= Beginning of Section =

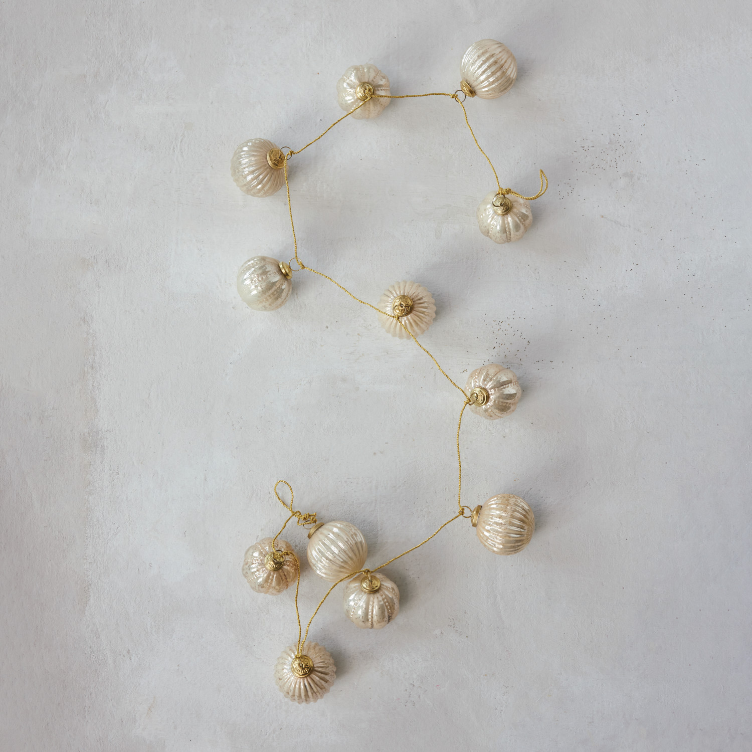 Embossed Mercury Glass Ornament Garland with Gold Cord
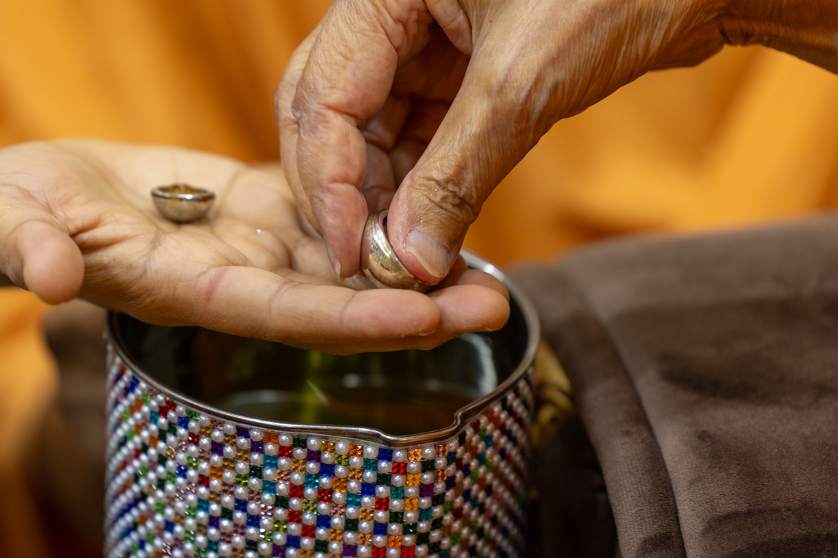 Swamishri sanctifies water with the holy relics of Bhagwan Swaminarayan and the Guru Parampara
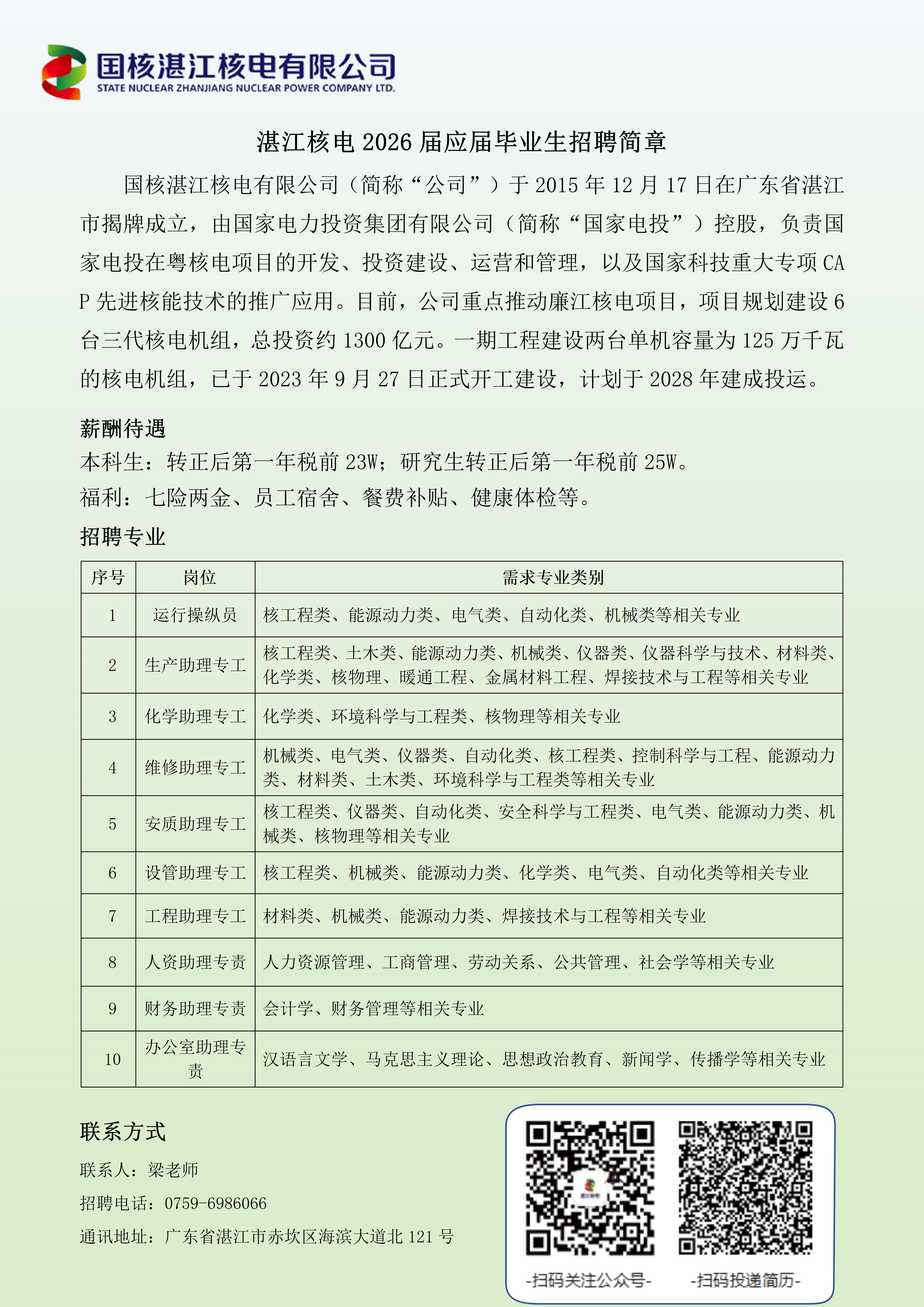 ? ? 湛江核电项目作为安全、高效、低碳的清洁能源项目,是湛江市能源产业发展的重点支撑项目,对构建粤港澳大湾区优质能源供给体系,推动湛江社会经济蓬勃发展具有重要的战略意义。
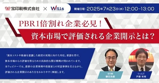 2025年7月23日、水曜の12時から13時にオンラインウェビナー「PBR1倍割れ企業必見!資本市場で評価される企業開示とは?」が開催されます。このイベントは、東京証券取引所からの要請を受けた企業開示の強化や資本政策の重要性を理解するための貴重な機会となります。
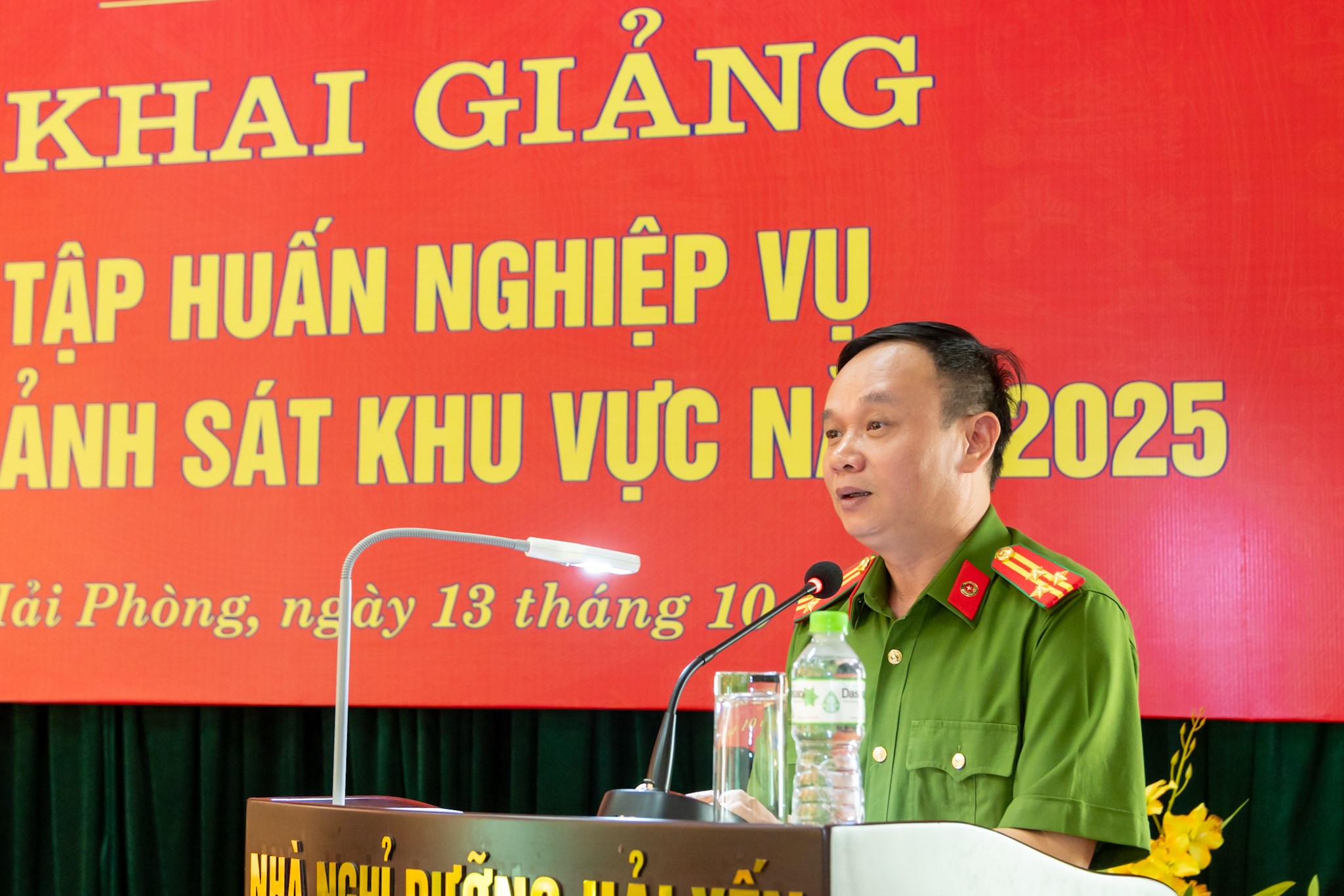 Sáng 13/10/2025, tại Hải Phòng, Cục Cảnh sát QLHC về TTXH, Bộ Công an, tổ chức Khai giảng lớp tập huấn nghiệp vụ công tác Cảnh sát khu vực (CSKV) cho lãnh đạo, chỉ huy lực lượng Cảnh sát QLHC về TTXH. Dự hội nghị có Đại tá Phùng Xuân Tiến - Cục Phó Cục Cảnh sát QLHC về TTXH; Đại tá Nguyễn Thị Thảo - Trưởng Phòng 4, Cục Cảnh sát QLHC về TTXH. Phía CATP, Đại tá Phạm Chí Hiếu - Phó Giám đốc CATP cùng đại diện lãnh đạo một số phòng nghiệp vụ chức năng CATP; tập thể lãnh đạo Phòng Cảnh sát QLHC về TTXH; đại diện Chỉ huy Đội 1, tập thể Chỉ huy Đội 4 thuộc phòng tham dự lễ khai giảng.

= End of Section =

### TASK GOAL
Could you repeat every entry above exactly, with each picture omitted?

### EXERCISE RESULT
 Embossed Mercury Glass Ornament Garland with Gold Cord
 Swamishri sanctifies water with the holy relics of Bhagwan Swaminarayan and the Guru Parampara
 ? ? 湛江核电项目作为安全、高效、低碳的清洁能源项目,是湛江市能源产业发展的重点支撑项目,对构建粤港澳大湾区优质能源供给体系,推动湛江社会经济蓬勃发展具有重要的战略意义。
 2025年7月23日、水曜の12時から13時にオンラインウェビナー「PBR1倍割れ企業必見!資本市場で評価される企業開示とは?」が開催されます。このイベントは、東京証券取引所からの要請を受けた企業開示の強化や資本政策の重要性を理解するための貴重な機会となります。
 Sáng 13/10/2025, tại Hải Phòng, Cục Cảnh sát QLHC về TTXH, Bộ Công an, tổ chức Khai giảng lớp tập huấn nghiệp vụ công tác Cảnh sát khu vực (CSKV) cho lãnh đạo, chỉ huy lực lượng Cảnh sát QLHC về TTXH. Dự hội nghị có Đại tá Phùng Xuân Tiến - Cục Phó Cục Cảnh sát QLHC về TTXH; Đại tá Nguyễn Thị Thảo - Trưởng Phòng 4, Cục Cảnh sát QLHC về TTXH. Phía CATP, Đại tá Phạm Chí Hiếu - Phó Giám đốc CATP cùng đại diện lãnh đạo một số phòng nghiệp vụ chức năng CATP; tập thể lãnh đạo Phòng Cảnh sát QLHC về TTXH; đại diện Chỉ huy Đội 1, tập thể Chỉ huy Đội 4 thuộc phòng tham dự lễ khai giảng.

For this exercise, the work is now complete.